In January, the Iraqi Council of Ministers, which comprises the executive branch of the Iraqi government, approved a plan to establish a Nineveh Plains province in Iraq as a homeland for the Assyrian people.

“We have tens of thousands of Assyrian volunteers,” Gardner said. “We just finished training and mobilizing the first 500. These men are ready, able, and willing to put everything on the line.”

“They have lost everything, they are living in IDP (internally displaced person) camps, they are living in tents, the guys are stepping forward for the Nineveh Plain Protection Units, and we are supporting their actions,” he added.

Displaced Assyrian Christians have been relegated to harsh living conditions such as the pictured unfinished and open-to-the-weather concrete building in Ankawa, near the city of Erbil in Iraqi Kurdistan. (Photo: Jeff Gardner/ picturechristians.org)
Displaced Assyrian Christians have been relegated to harsh living conditions such as the pictured unfinished and open-to-the-weather concrete building in Ankawa, near the city of Erbil in Iraqi Kurdistan. (Photo: Jeff Gardner/ picturechristians.org)

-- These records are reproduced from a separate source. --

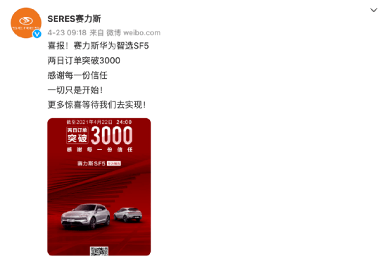 不过,SF5上市的热潮退去后,其销量似乎有点扑朔迷离。刚上市不久后,赛力斯官方宣布,SF5两日订单突破3000辆。但根据乘联会公布的数据显示,2021年4月至7月,赛力斯华为智选SF5累计销量为2087辆。也就是说,相当于每月只销售出约500辆,这与双方的投入相差甚远。
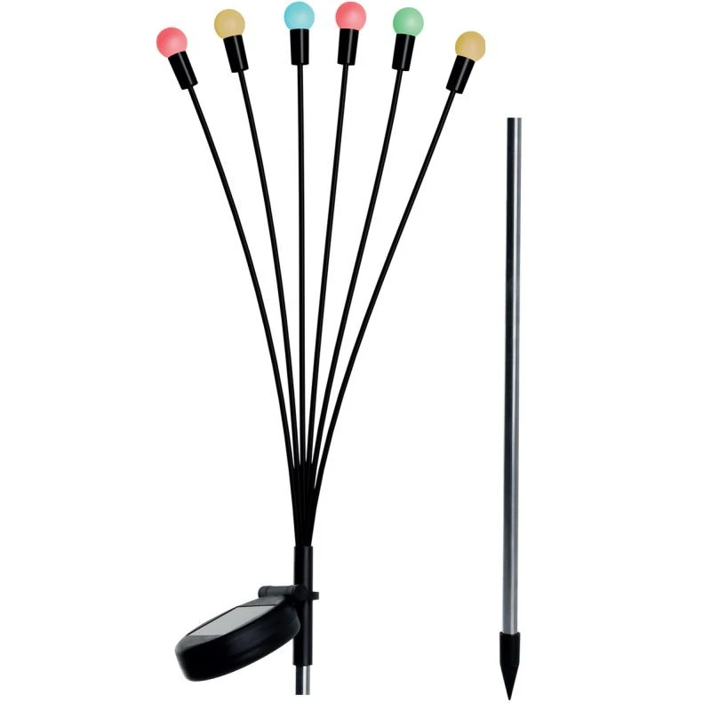 SOLÁRNÍ LAMPA TANČÍCÍ VE VĚTRU BAREVNÉ KOULE 6 LED 72CM
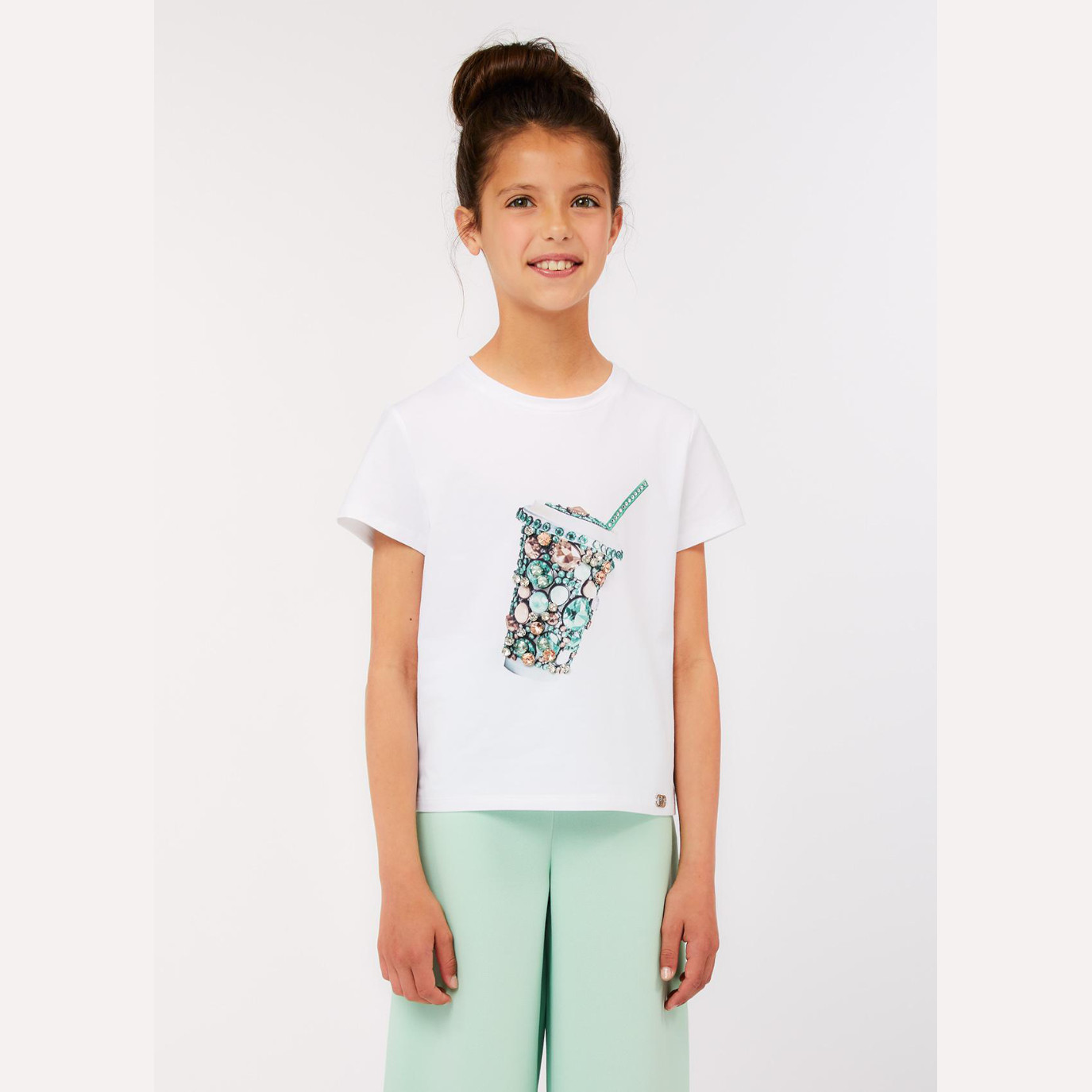 La stampa del bicchiere, originale e trendy, aggiunge un tocco divertente che rende il capo ideale per look casual e versatili, perfetti per la scuola e il tempo libero.

The Assyrian Chaldean Syriac Youth Alliance (ACSYA), a grassroots organization whose goal is to promote discussion on domestic and international issues relating to the Assyrian Chaldean Syriac community, said in a statement that the establishment of a safe haven in the Nineveh Plains “is crucial to the survival of ethnic Assyrians and other minorities such as Chaldeans and Yazidis.”

“The barbarism of the Islamic State does not intimate nor deter us,” ACSYA said. “We the people will continue our efforts in raising awareness.”

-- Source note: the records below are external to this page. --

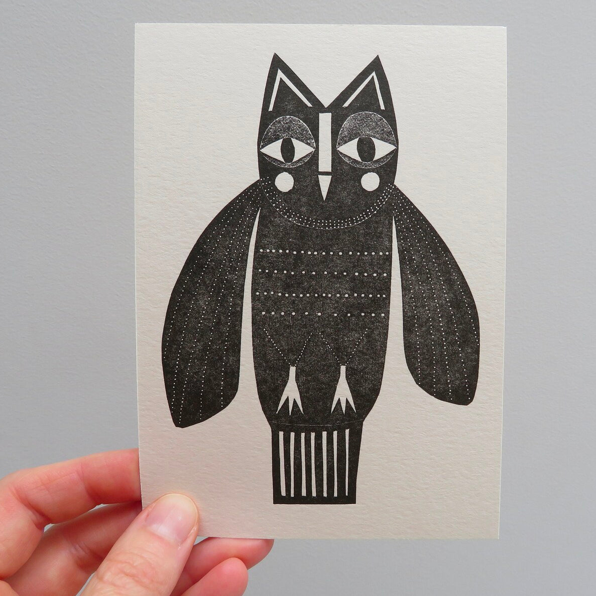 One colour card print in black ink on a lovely cream Fabriano Unica paper. Hand printed by Claire on an etching press.
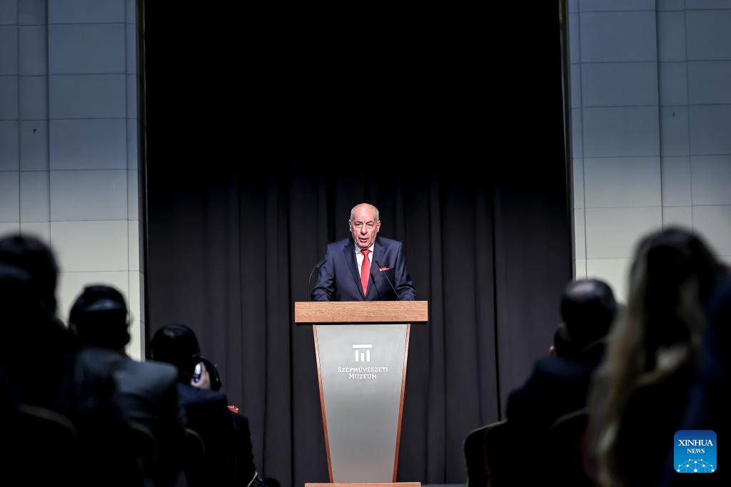 Hungarian President Tamas Sulyok speaks during the opening ceremony of the exhibition "Civilization of the Qin and Han Dynasties - The First Chinese Emperor's Terracotta Warriors" in Budapest, Hungary, Nov. 27, 2025. The Museum of Fine Arts in Budapest on Thursday opened one of the most significant Chinese cultural exhibitions ever held in Hungary, presenting more than 150 ancient artworks from the Qin and Han dynasties (221 BC-220 AD), including ten original Terracotta Warriors.
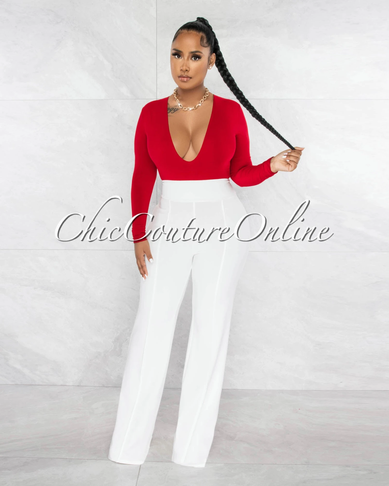 - Deep V Neckline
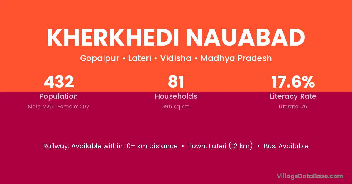 Kherkhedi Nauabad village has a total population of 432 people, of which 225 are males and 207 are females.
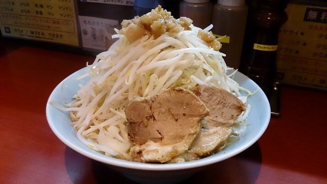 食券を提示して麺に変更希望を伝えると、麺量が300gまでOKなこととニンニクの有無を聞かれたので、300g&ニンニクでお願いしました。

Meanwhile, Islamic State still occupies much of the territory that belongs to the Assyrian people in northern Iraq, despite efforts by the U.S.-led coalition as well as Iraqi and Kurdish forces to oust the jihadist group.

On Thursday, Islamic State released a video that appears to show fighters from the jihadist group inside the Mosul Museum with sledgehammers, destroying statues and other artifacts that were related to the Assyrian Empire and other ancient civilizations in Iraq. This includes a statue of the protective winged-bull Assyrian deity, a symbol that has been used on Iraqi currency for decades.

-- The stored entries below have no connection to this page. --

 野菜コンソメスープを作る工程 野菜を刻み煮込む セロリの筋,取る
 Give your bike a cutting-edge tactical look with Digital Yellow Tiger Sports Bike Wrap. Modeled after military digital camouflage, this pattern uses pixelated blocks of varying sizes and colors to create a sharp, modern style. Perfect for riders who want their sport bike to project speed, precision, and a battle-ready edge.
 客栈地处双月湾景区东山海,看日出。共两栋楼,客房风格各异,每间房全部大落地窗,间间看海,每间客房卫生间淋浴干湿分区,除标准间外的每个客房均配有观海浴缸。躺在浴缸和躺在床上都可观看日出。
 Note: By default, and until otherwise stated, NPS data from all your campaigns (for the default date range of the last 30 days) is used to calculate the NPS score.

“The so-called Assyrians and Akkadians and others looked to gods for war, agriculture, and rain to whom they offered sacrifices,” an Islamic State fighter said in the video.

“The Prophet Mohammed took down idols with his bare hands when he went into Mecca,” added the fighter. “We were ordered by our prophet to take down idols and destroy them, and the companions of the prophet did this after this time, when they conquered countries.”

The White House on Feb. 25 said in a statement the U.S. “strongly condemns” Islamic State’s recent attacks on Assyrian Christians, “including the burning of homes and churches, the displacement of thousands, and the abduction of a large number of Syrian Christian civilians, among them women, children, and the elderly.” The U.N. Security Council also condemned Islamic State’s actions, but Gardner told JNS.org that words are not enough. He said the international community needs “to intervene on behalf of the religious minorities of this area to put a stop to this.”

Gardner said that an international force is needed in the region to protect the minorities living there and to support local fighters such as the Nineveh Plains Protection Units.

“We need to move past just airstrikes and either mobilize international forces or continue to train indigenous forces like the Assyrians,” he said.